The best tools made available by the climate community, in order to evaluate the future climate projections over different spatial and temporal scale, are the coupled global climate models (AOGCMs). The spatial resolution of the global models has been improved in the last time arriving to 100km. Unfortunately, this resolution is not sufficient for the impact studies, such as an increase of resolution is requested in order to study the impact of climate changes at local scale. The dynamical and statistical downscaling methods are used to reach this objective. The dynamical downscaling uses limited-area, high-resolution models (regional climate models - RCMs) driven by boundary conditions from global climate models so as to derive local-scale information, while the statistical downscaling (SD) is based on the statistical relationship that links the large-scale atmospheric variables (predictors) and local/regional climate variables (predictands). The statistical downscaling technique presents the advantage that is not expensive in terms of computational time and the climate signal could be constructed at the station/grid point requested by the end- users. One major problem for all tools mentioned before is to quantify and reduce the uncertainties that appear in modeling processes. Particular attention has been paid on this problem and many projects have been focused on this issue. One of this is Ensembles project (http://www.ensembles-eu.org/), where it was recommended use of a range of models over the same area and construction of an ensemble mean (EM).

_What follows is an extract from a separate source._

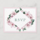 Elegant Pink Watercolor Magnolia Wedding RSVP Postcard
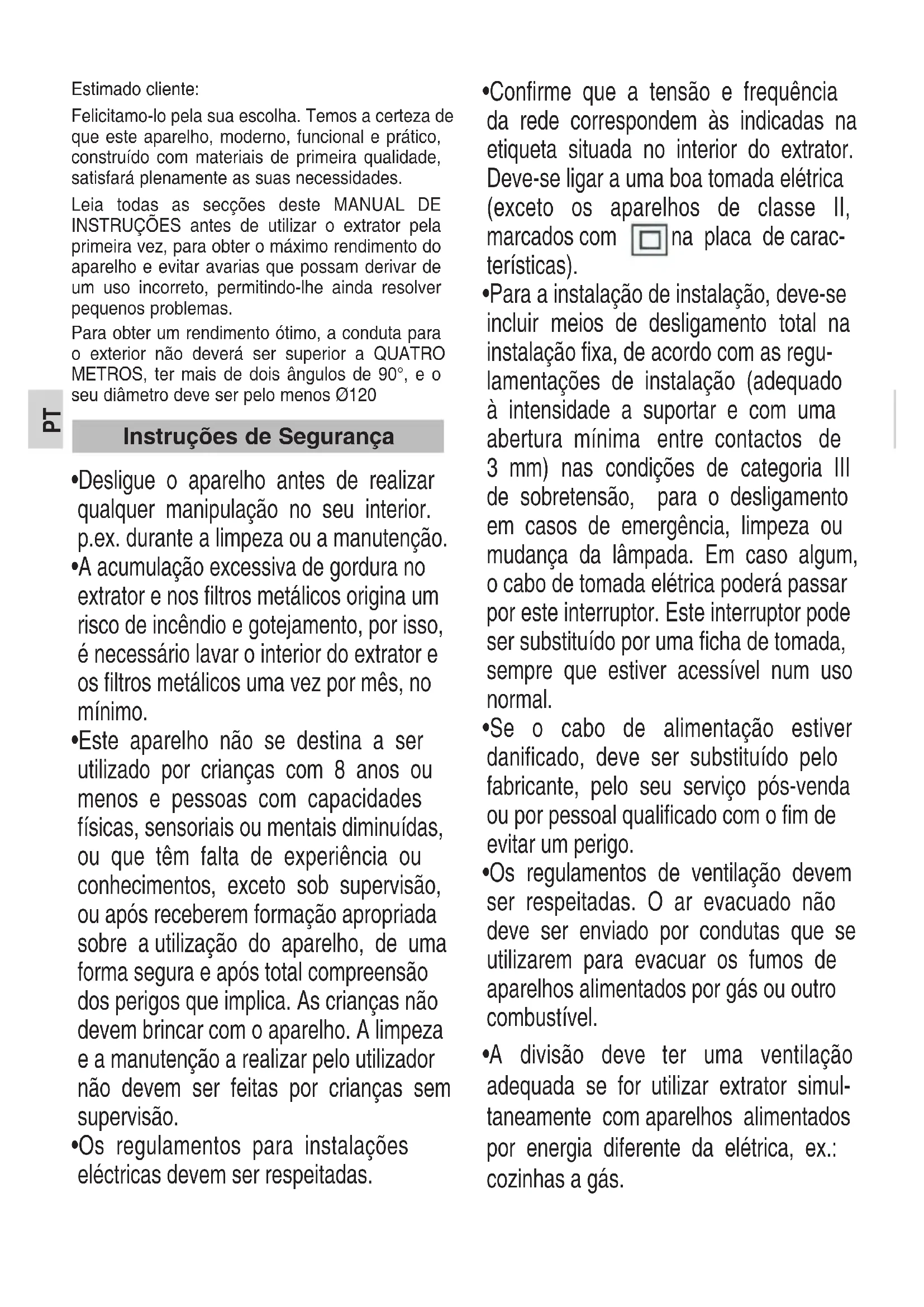 - A divisão deve ter uma ventilação adequada se for utilizar extrator simul- taneamente com aparelhos alimentados por energia diferente da elétrica, ex.: cozinhas a gás. Instruções de SegurançaPT

In the present study, the climate change projections at Bologna are obtained through the statistical downscaling model (SD) developed by ARPA-SIMC. The model is a multivariate regression based on canonical correlation analysis applied at seasonal level (CCAReg model). Through the canonical correlation analyses is detected the link between “large scale fields” , that are actually best represented by GCMs ( for example mean sea level pressure, geopotential height at 500 HPa, temperature at 850hpa), and “local fields” (minimum, maximum temperature or total amount of precipitation).

The data set used in the construction of the model includes:

 Daily minimum, maximum temperature and precipitation measured over 25 stations from Emilia-Romagna region over the period 1958-2002 (figure 7). These data have been used in order to compute mean and extreme events of temperature and precipitation at seasonal scale;  Large scale fields (mean sea level pressure, geopotential height and temperature at 850 hPa) from ERA40 reanalysis that covers the period 1958-2002.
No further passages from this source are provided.